Judge Mortis, Judge Dredd

A character has the power to make things decompose. This may require physical contact. In some cases, this may manifest as the ability to induce Rapid Aging. Exactly what this looks like varies from work to work — some will depict this as active rot and necrosis, while others opt for less visceral versions where affected people crumble into ash or dust instead.

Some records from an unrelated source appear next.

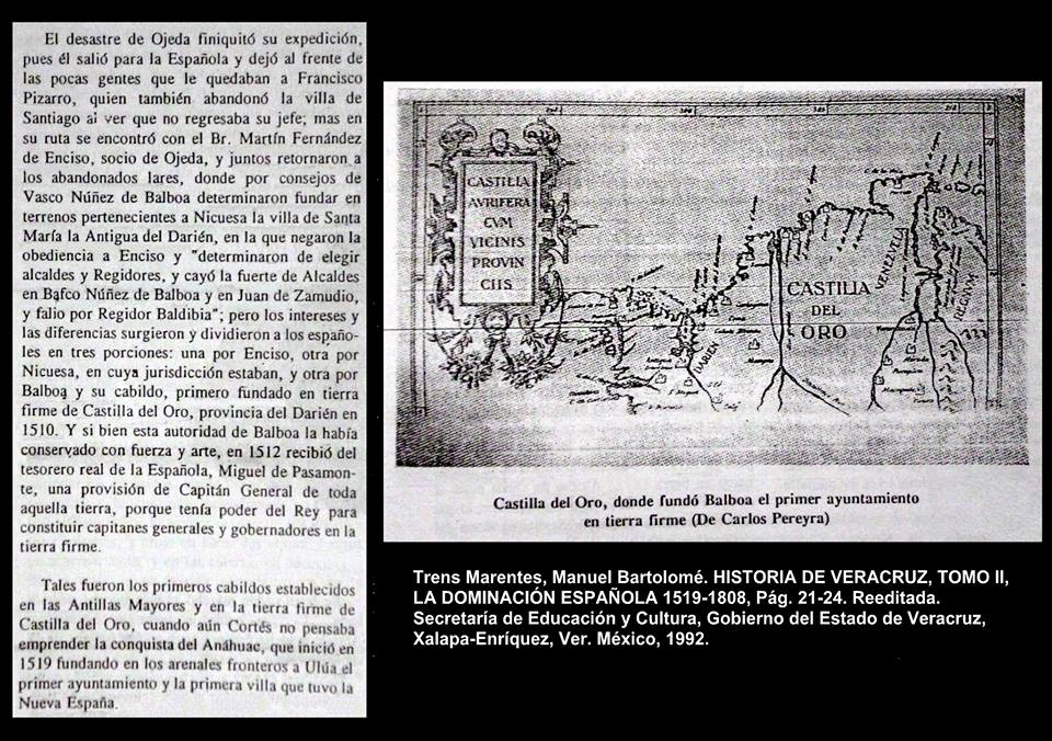 El seguimiento de las expediciones españolas señala claramente que el primer ayuntamiento en el continente americano estuvo en la Villa de la Isabela fundada en 1494 y cuyo primer alcalde fue el contino don Antonio de Torres. Y el primer ayuntamiento en tierra continental fue el de la ciudad de Santa María de La Antigua del Darién fundada en 1510 y cuyos primeros alcaldes fueron Vasco Núñez de Balboa y Juan Zamudio. Estos asentamientos fueron ratificados por los reyes españoles en 1494 y 1515, mucho antes de la llegada de la expedición de Hernán Cortés a la costa veracruzana en 1519.
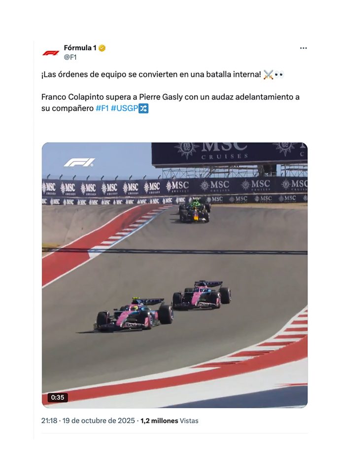 Las cuentas oficiales de las redes sociales de la Fórmula 1 hicieron principal hincapié en la precisa maniobra de adelantamiento del argentino, al mismo tiempo que puntualizaron en la actitud del joven de 22 años. “¡Las órdenes de equipo se convierten en una batalla interna del equipo! Franco Colapinto supera a Pierre Gasly con un audaz adelantamiento a su compañero de equipo”, indicaron en X (antes Twitter). “Eso no se ve como si estuviera escuchando la orden. Colapinto omite la radio y pasa”, comentó el relator británico.
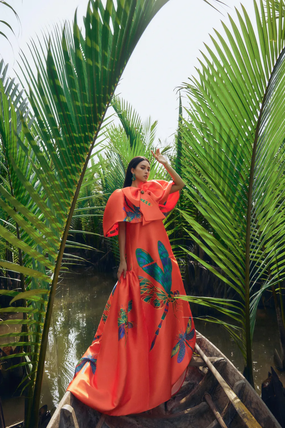 Họa tiết chủ đạo trong bộ sưu tập này là chuồn chuồn sắc màu được cách điệu bắt mắt trên sắc cam tươi mát.
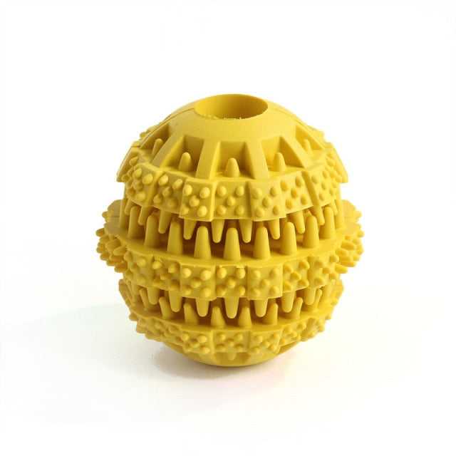 Put in some of your pet's favorite snacks and the dog will be attracted by the tooth cleaning ball.

This is not exactly a power one would associate with heroes, by default — generally speaking, characters with the ability to make flesh rot on living people's bones will be either villains or mindless monsters.

If a character can't turn their power off, they are also a Walking Wasteland. Sometimes this power may even work on non-organic material. This can be considered as the opposite of Green Thumb (but sometimes can be used to create fertiliser).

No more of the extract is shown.